Doug White dwhite at gumbysoft.com
Wed Mar 9 19:22:31 PST 2005

On Mon, 7 Mar 2005, Alan Jay wrote:

> Well after upgrading to the latest -STABLE via cvsup and makeworld makekernel
> etc we have been doing some more tests over the weekend.

When did you run this cvsup?

> One of our databases ran fine all weekend so we took the plunge on Sunday to
> try our big heavily accessed database.
> It ran fine until 7.45 Monday morning - when I checked at 7.30am it was using
> around 6 of the 8Gb of RAM the server then logged:
> Mar  7 07:42:47 flappy kernel: bge1: discard frame w/o leading ethernet header
> (len 4294967292 pkt len 4294967292)

Hm, unsigned -1.  That message is printed by ether_input() if it get
handed a bum mbuf.

> Followed by:
> Mar  7 07:42:47 flappy kernel: Fatal trap 12: pag

Unfortunately this is not useful. We need the entire panic messsage and
ideally a backtrace and crashdump.  Can you connect a serial console to
this system and log the output?

> Subsequently to that it has crashed a number of times and on a couple of
> occasions has reported:
> kernel: fxp0: can't map mbuf (error 12)

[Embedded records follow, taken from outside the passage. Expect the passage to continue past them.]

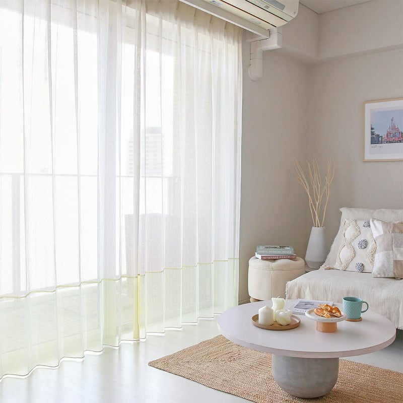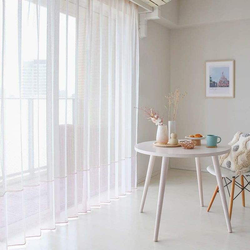 ペールトーンでまとめられた柔らかな空間。そこに、優しいアクセントになるジョイントカラーレースカーテンを合わせる。それだけで、トレンド感のある愛され部屋が叶います!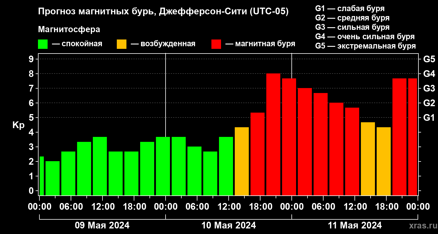 Прогноз магнитных бурь Джефферсон-Сити на 9 мая 2024 года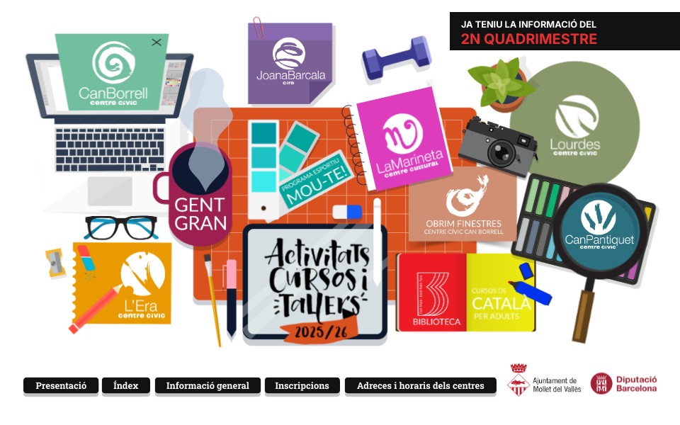 Com cada any, em plau presentar-vos el programa d’activitats, cursos i tallersdels centres cívics i culturals, de dona, de gent gran i esportius per al curs 2025-2026. Iniciem un nou curs als nostres equipaments amb un extens programa que inclouuna gran varietat d’activitats per a totes les edats, gustos i interessos. Trobareu activitats relacionades amb la salut, la dansa, el teatre, les noves tecnologies,el benestar físic i emocional, l’expressió artística, la fotografia, la música... L’Ajuntament de Mollet, conjuntament amb les entitats de la ciutat, hem dissenyatuna programació pensada per omplir de cultura, art i salut la nostra ciutat. Exploreu la programació i no dubteu en gaudir-la. Us esperem als tallers, cursos, concerts, exposicions, xerrades, espais de trobada,sortides i festes. De ben segur que trobareu alguna activitat que s’adapti a les vostres necessitats!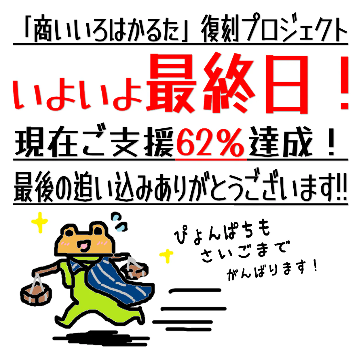 2024/01/26 09:04皆様にご支援を賜り、とうとう目標の60%を突破いたしました!本当にありがとうございます‼いよいよファンディング期間も本日まで。最後まで達成目指してがんばります !カルタもステキに仕上がっています。ぜひご支援ください! もっと見る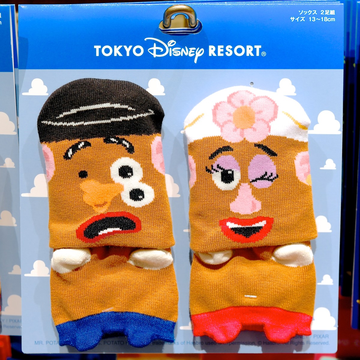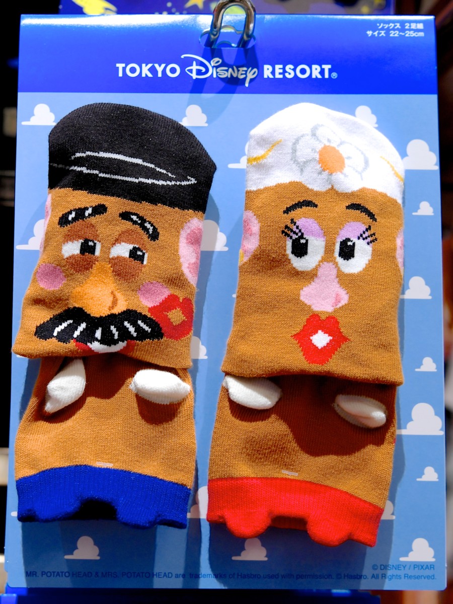 お目々とお鼻がずれてしまっている様子がかわいいキッズサイズのポテトヘッド夫妻ソックス(靴下)も☆

Error 12 is ENOMEM and thats coming from bus_dmamap_load_mbuf().  That can
be returned if you're running out of space for bounce buffers, or kmem in
general.  scottl has been working on busdma issues in HEAD and recently
committed a fix for i386 for bounce page allocation issues.

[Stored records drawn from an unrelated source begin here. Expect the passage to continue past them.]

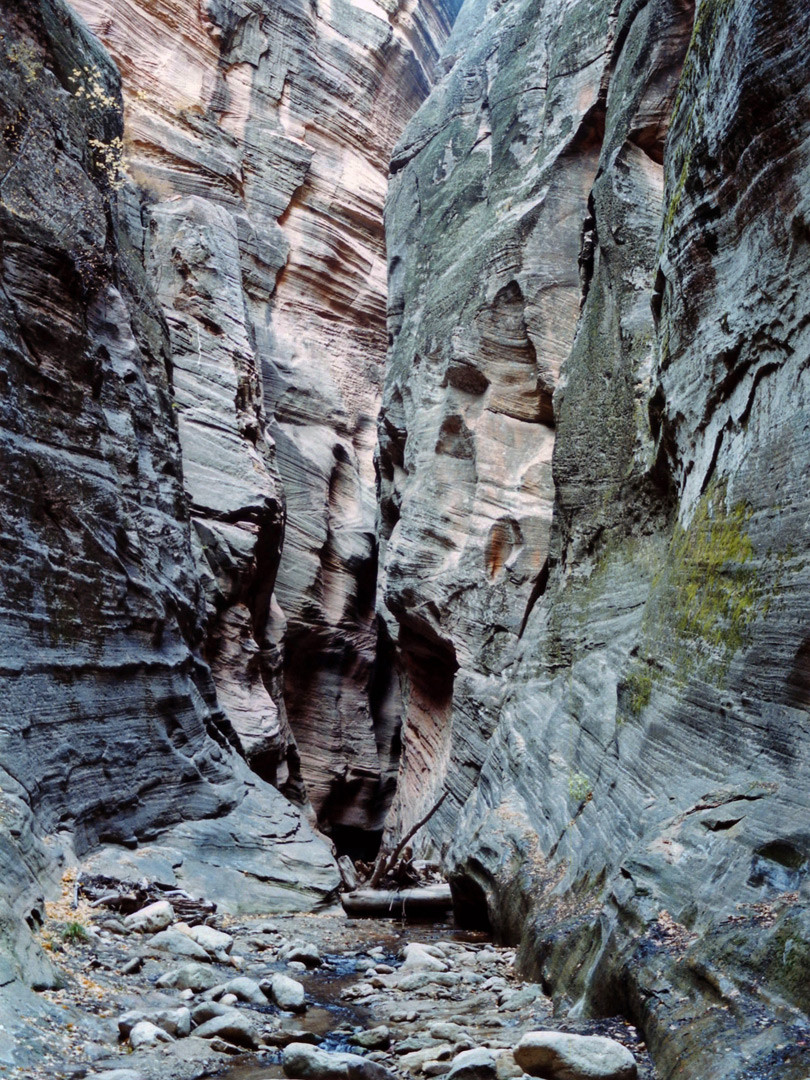Dark, narrow passageway, near the lower end of the canyon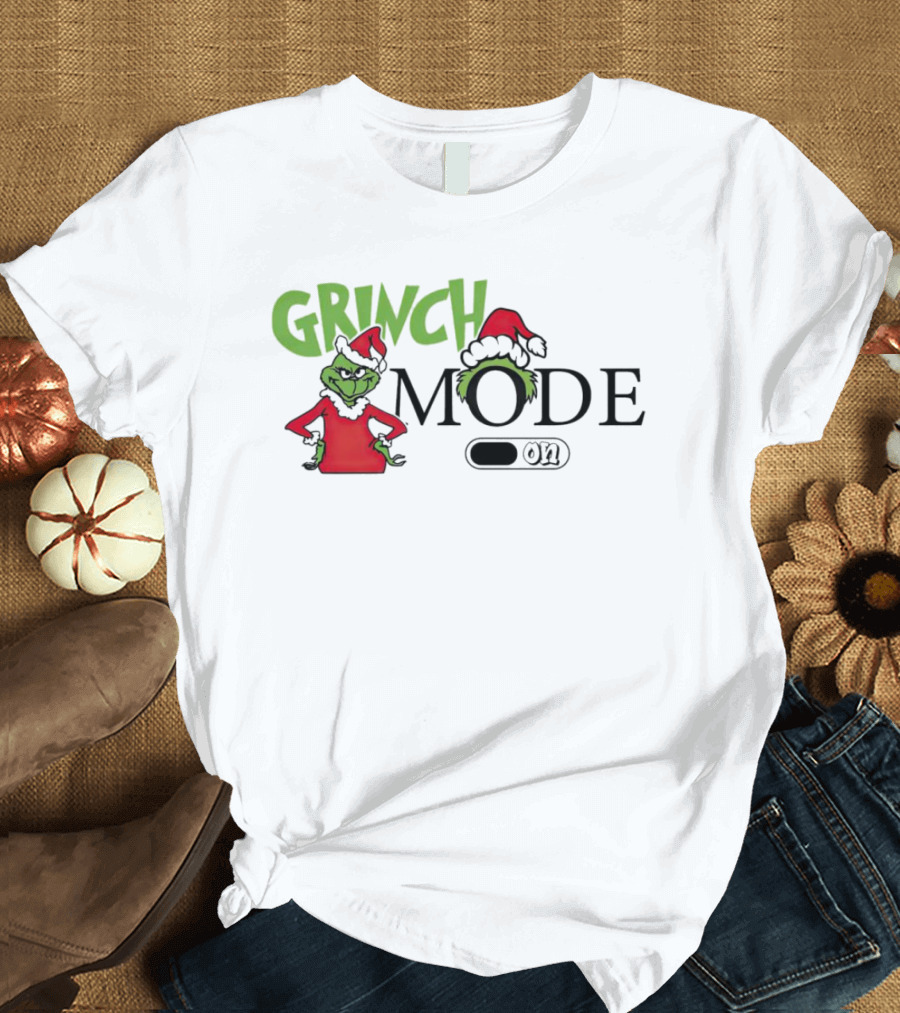 Grinch Mode On with Red Santa Hat and Grinch Drawing Shirt made from 100% pre-shrunk ring-spun cotton, unisex regular fit based on U.S. standard sizing. The shirt is designed, cut, sewn, and printed in the United States. Available in sizes S-5XL.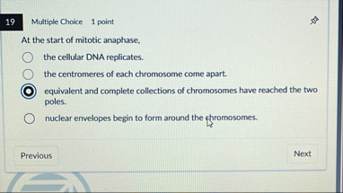 Solved 19Multiple Choice 1 pointAt the start of mitotic | Chegg.com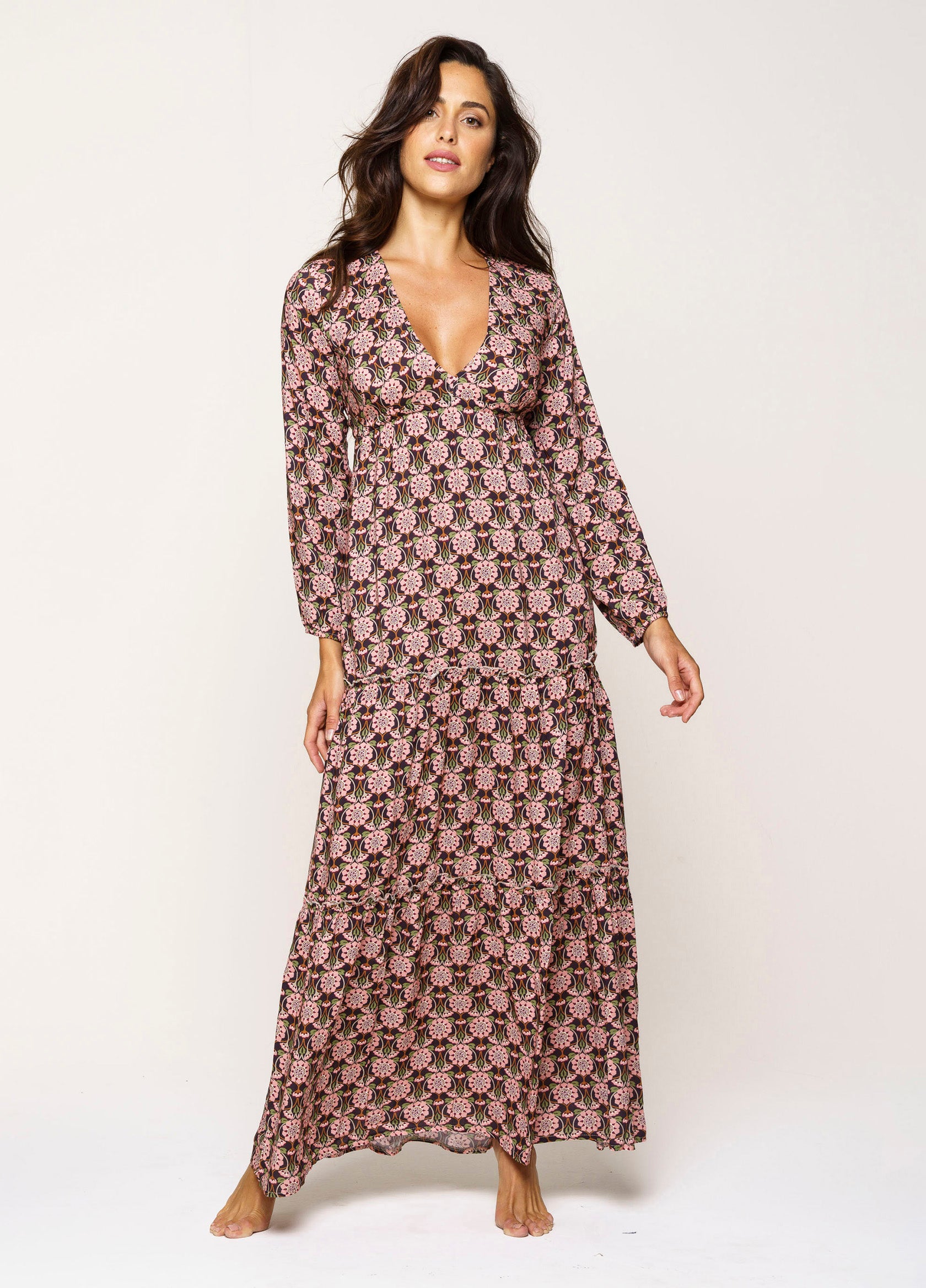 Abito con maniche lunghe ed ampia scollatura a V. Fantasia floreale liberty.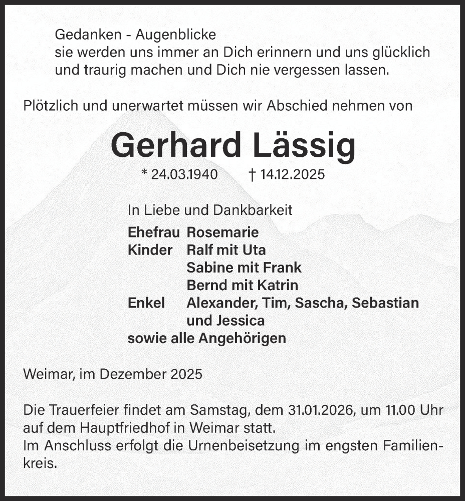 Hier finden Sie alle Traueranzeigen aus der Zeitung, die bisher für Gerhard Lässig erschienen sind. Weitere Traueranzeigen, die in der Zeitung erscheinen, werden hier ebenfalls aufgelistet

kmem depletion would be more insidious.  Have you been getting other
message that indicates failure to allocate memory or error 12?

> By the way over the weekend the latest -STABLE which is marked 5.4-PRERELEASE
> 2 seemed much better than 5.3 had and the initial problems took much longer to
> appear.  Though once the problems started to appear, they repeated themselves
> rebooting every 1-2hrs until we removed the tests data.

That behavior sounds a lot like thermal issues.  It takes a while to warm
up to the critcal point and once it hits that point it really starts to
malfunction.  Unless the test run starts out slow or something.

Doug White                    |  FreeBSD: The Power to Serve
dwhite at gumbysoft.com          |  www.FreeBSD.org